Net cash provided by operating activities totaled $456,000 for the three months ended March 31, 2015 compared to net cash provided by operating activities of $9.5 million for the three months ended March 31, 2014.  A source of funds is net income from operations adjusted for activity related to loans originated for sale, the provision for loan losses, depreciation expenses, and net amortization of premiums on securities.  Net cash provided by operating activities for the three months ended March 31, 2015 was significantly lower than net cash provided by operating activities for the three months ended March 31, 2014 due to greater proceeds from sales of loans than originations of loans in the 2014 period.
 
Net cash used in investing activities totaled $58.5 million for the three months ended March 31, 2015 compared to net cash provided by investing activities of $18.9 million for the three months ended March 31, 2014.  Net cash used during the first quarter of 2015 was due primarily to the net increase in loans of $55.9 million and net cash received during the first quarter of 2014 was primarily as a result of the Rumson merger.
 
Net cash provided by financing activities was $55.3 million for the three months ended March 31, 2015 compared to $11.1 million for the three months ended March 31, 2014.  The primary source of funds for the 2015 period was  the increase in borrowed funds, which was partially offset by the decrease in deposits, while the primary source for the 2014 period was the net increase in deposits.
 
The securities portfolios are also a source of liquidity, providing cash flows from maturities and periodic repayments of principal.  For the three months ended March 31, 2015, prepayments and maturities of investment securities totaled $12.4 million.  Another source of liquidity is the loan portfolio, which provides a flow of payments and maturities. 
 
 
47

 

Interest Rate Sensitivity Analysis
 
The largest component of the Company’s total income is net interest income, and the majority of the Company’s financial instruments are composed of interest rate-sensitive assets and liabilities with various terms and maturities. The primary objective of management is to maximize net interest income while minimizing interest rate risk. Interest rate risk is derived from timing differences and the magnitude of relative changes in the repricing of assets and liabilities, loan prepayments, deposit withdrawals, and differences in lending and funding rates. Management actively seeks to monitor and control the mix of interest rate-sensitive assets and interest rate-sensitive liabilities.

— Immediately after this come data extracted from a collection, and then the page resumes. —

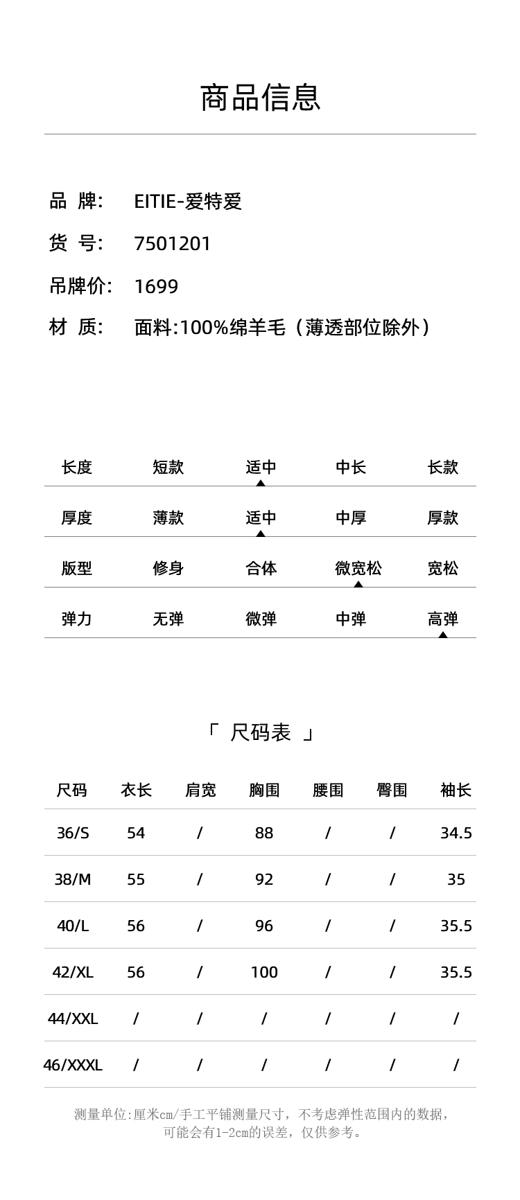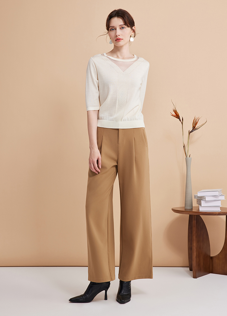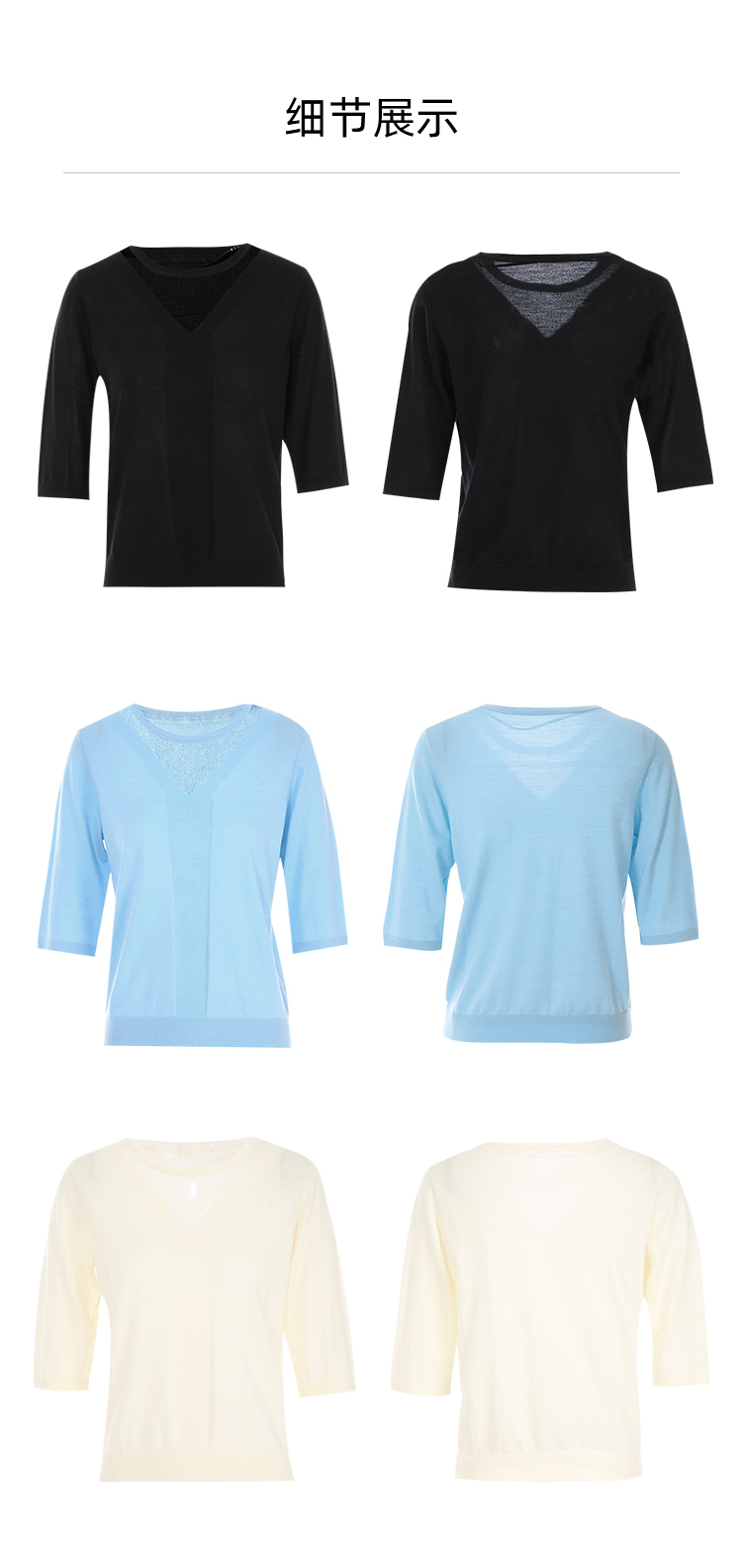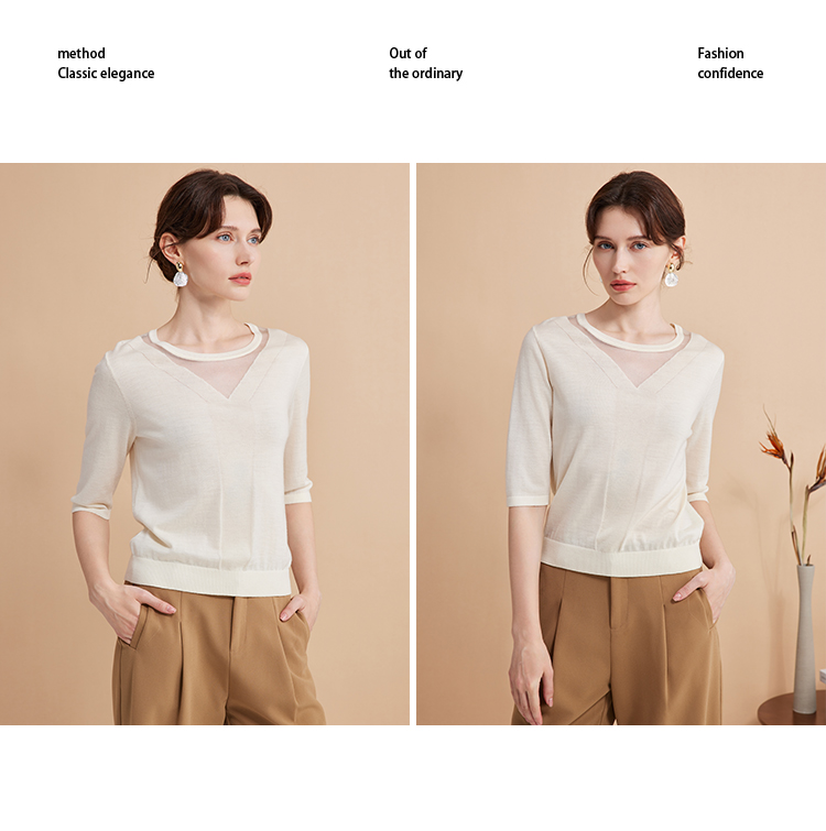 EITIE爱特爱秋季新款网纱拼接黑色修身显瘦百搭针织衫7501201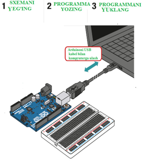 UNO Arduino platsini USB kabel orqali kompyuterga ulang.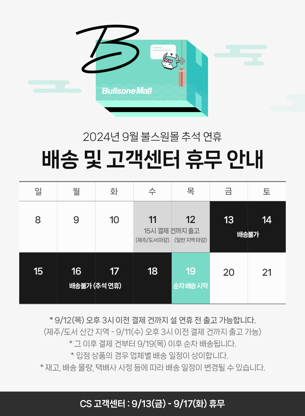 불스원몰 추석연휴 배송 및 고객센터 휴무 안내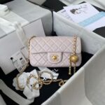 This mini rectangular pearl flap bag is crafted in light purple lambskin with brushed gold hardware, front flap with signature CC turnlock closure, back half-moon pocket, single interwoven light purple leather and brushed gold chain link shoulder/crossbody strap with adjustable pearl ball.
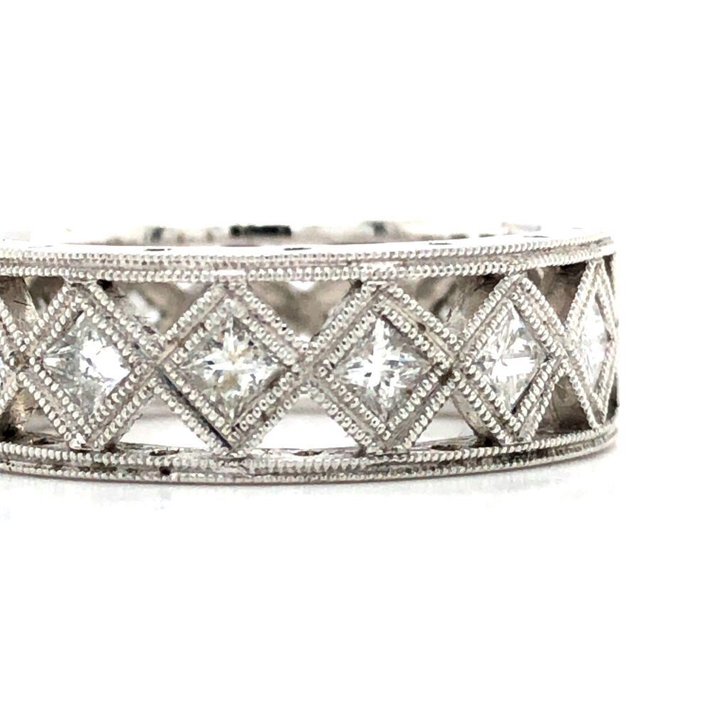 ADDITIONAL INFORMATION: A wide, reticulated platinum band features princess-cut diamonds in a lattice pattern that completely encircle the finger.

Under our interest rate risk policy established by our Board of Directors, we established quantitative guidelines with respect to our interest rate risk and how interest rate shocks are projected to affect our net interest income and economic value of equity. Summarized below is the projected effect of a parallel shift of an increase of 200 and 300 basis points, respectively, in market interest rates on our net interest income and economic value of equity.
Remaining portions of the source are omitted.